Guide · pricing
AI Tool Pricing Models: Seat-Based vs Usage-Based vs Credits
The three common ways AI tools charge — per seat, per usage, and by credits — and how to reason about which one will actually be cheaper for the way your team works.
Why AI pricing feels different
Traditional software often charges a predictable fee per user per month. AI tools complicate this because each request can carry a real, variable cost to the provider — running a model is not free the way serving a web page is. As a result, vendors have settled on a few pricing shapes, and understanding them helps you predict your bill and avoid unpleasant surprises.
Seat-based pricing
Seat-based pricing charges a flat amount for each person who uses the tool, regardless of how much they use it. Its great virtue is predictability: you multiply the number of users by the price and you know your monthly cost. It suits teams where usage is steady and roughly similar across people. The risk is paying for seats that sit idle, and some seat-priced AI tools quietly cap heavy usage or throttle power users, so read the fine print about limits behind the flat fee.
Usage-based pricing
Usage-based pricing charges according to how much you consume — often measured in tokens, which are chunks of text the model processes, or in the number of requests or generated items. The appeal is fairness: light users pay little, and you are not buying idle seats. It shines for uneven or spiky workloads and for embedding AI into a product where volume varies with your own customers. The downside is unpredictability. A busy month, an inefficient prompt, or a runaway automated process can produce a bill far larger than expected, so usage-based tools are best paired with spending alerts and hard caps.
Credit-based pricing
Credit systems sit between the two. You buy a bucket of credits, and different actions cost different amounts — a short generation might cost one credit, a long or higher-quality one several. Credits repackage usage into something more predictable to purchase, and they let vendors price premium features higher without a separate line item. The catches to watch for are credits that expire, unclear conversion rates that make it hard to know what an action really costs, and the temptation to over-buy a large bundle you never fully use.
Estimating your real cost
Whatever the model, the honest way to compare is to estimate your actual monthly volume rather than reacting to the headline price. For seats, count the people who will genuinely use the tool weekly, not everyone who might. For usage or credits, run a representative sample of your real work during a trial and measure what it consumed, then multiply out. A tool that looks cheap per unit can be expensive at your volume, and vice versa.
Watch the boundaries
Most surprises live at the edges of a plan.

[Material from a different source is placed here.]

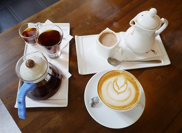 當天老闆幫我們準備三種飲料 巧克力可可、單品咖啡(衣索比亞)、拿鐵咖啡都各有特色

Look for overage rates once you exceed an included allowance, minimum commitments, annual-versus-monthly differences, and whether higher-quality models or premium features cost dramatically more per use. If a tool mixes models, understand which one your default workflow uses, because the cheap tier and the expensive tier can differ by a wide margin.

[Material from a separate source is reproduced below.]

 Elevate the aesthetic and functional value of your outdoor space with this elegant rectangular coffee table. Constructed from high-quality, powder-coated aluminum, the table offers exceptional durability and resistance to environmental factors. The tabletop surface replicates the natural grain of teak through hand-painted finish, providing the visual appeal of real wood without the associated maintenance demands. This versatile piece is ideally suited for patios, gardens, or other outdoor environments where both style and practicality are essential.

Matching the model to your pattern
As a rough guide: steady, broad team use favours seats; variable or automated workloads favour usage-based pricing with strict caps; and credits can be reasonable when you value predictable purchasing and the conversion rates are transparent. The right choice is less about which model is best in the abstract and more about which one aligns with how, and how much, you will actually use the tool.